Anthony Smith’s team contributed enormously to the scene for the shots involving the ship’s arrival in the water. Remarkably, this was accomplished purely in the compositing, without additional 3D elements. Although water and craft elements had been captured during a specially shot lifeboat launch, all of these had to be scaled up, split up, multi-planed and otherwise modified using every trick in the compositor’s book, making this an astonishing technical achievement.

FIRE RUN WITH ME
Another opportunity for the Framestore team to show off their paces came with the Wharf Explosion, a sequence of characteristically Ritchie flamboyance which was actually a relatively late addition to the VFX shopping list.
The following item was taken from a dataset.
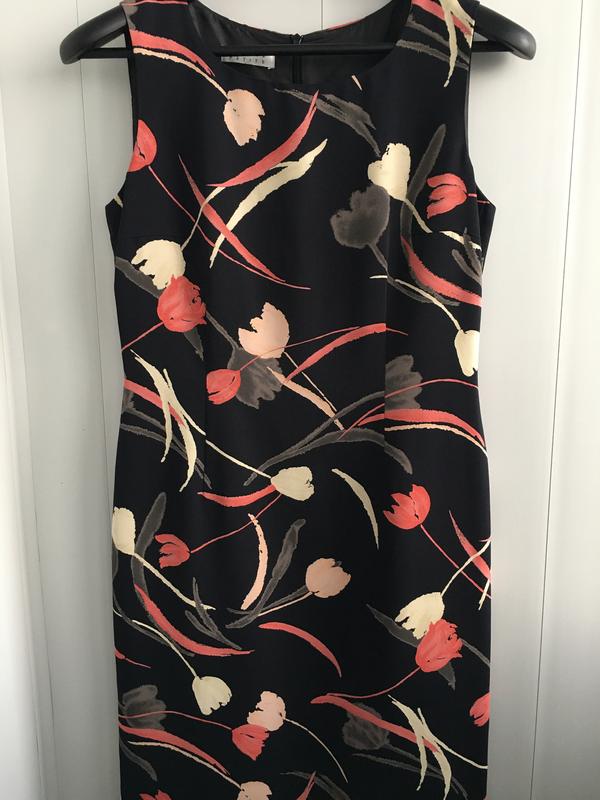Гарна сукня міді у квітковий принт Сукня на підкладці,не просвічує Позаду розріз П/о груді 45 см П/о талії 39 см П/о бедер 48 см Довжина 111 см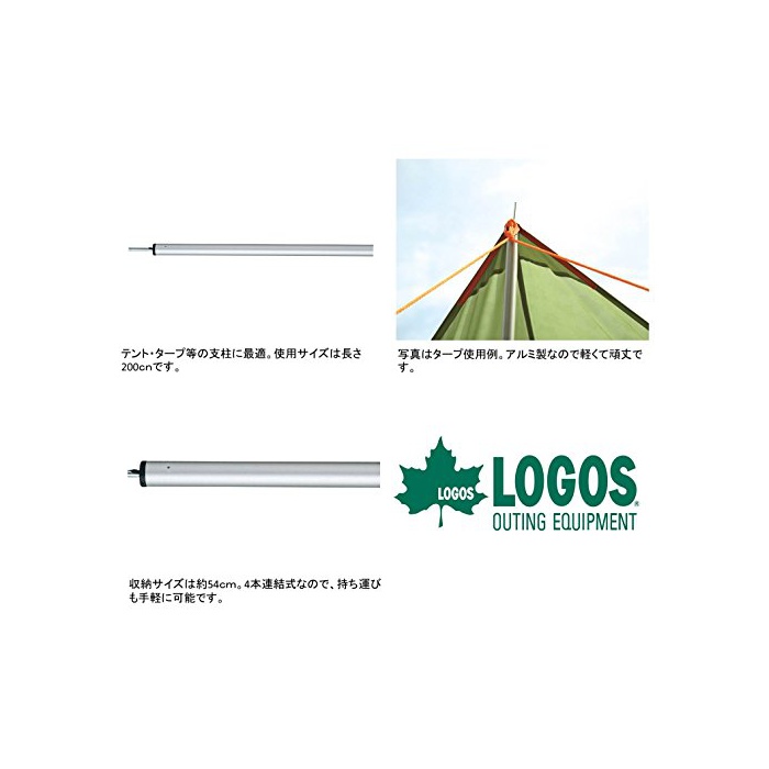 원본상품명: ロゴス(LOGOS) アルミポル200cm 4本ぎ ショックコドあり 1本入り テントタプ用 納コンパクト

Holmes and Watson, in the company of femme fatale Irene Adler (Rachel McAdams), are investigating an area in the London docks when Watson hits a tripwire in an alley between a warehouse and the dockside. This sets off a sequence of timed explosions which engulf him completely and throws Holmes backwards. Watson seems likely to have perished, so Holmes goes to save Irene. Snatching up a large wooden tray as a makeshift shield, he runs – in slow-motion – a gauntlet of explosions to reach her.

Fawkner and his team are hugely proud of what they achieved for this sequence. "It's only an eight shot sequence, but they were a tough eight. One shot is heading for 2000 frames long, and the raw material is basically Holmes running through thin air," says Fawkner, "We had to create everything which fills the frame – explosions, fire, smoke, debris – all of which interact with him in a detailed and realistic way, and all in super slow motion. There's no question of him coming through this unscathed – he's buffeted and burned by virtual materials every step of the way. Robert Downey Jr.'s performance was excellent (of course), giving us a firm platform on which to build our firestorm. Special mention should also go to Chas Jarret's beautiful green screen capture of the fireball elements we used. We had to throw everything we knew into this sequence – there was manipulation of the plate, manipulation of the lighting, and Laurent Hugueniot's team brought CG elements including fire, smoke a collapsing brick wall, and a huge amount of flying debris and decimated barrels. But 3D elements notwithstanding, it really is a state of the art showcase for what can be achieved in 2D and compositing. Plus it’s very cool and beautiful looking.” The sequence has also been nominated for a Best Compositing Award in the 2010 VES Awards.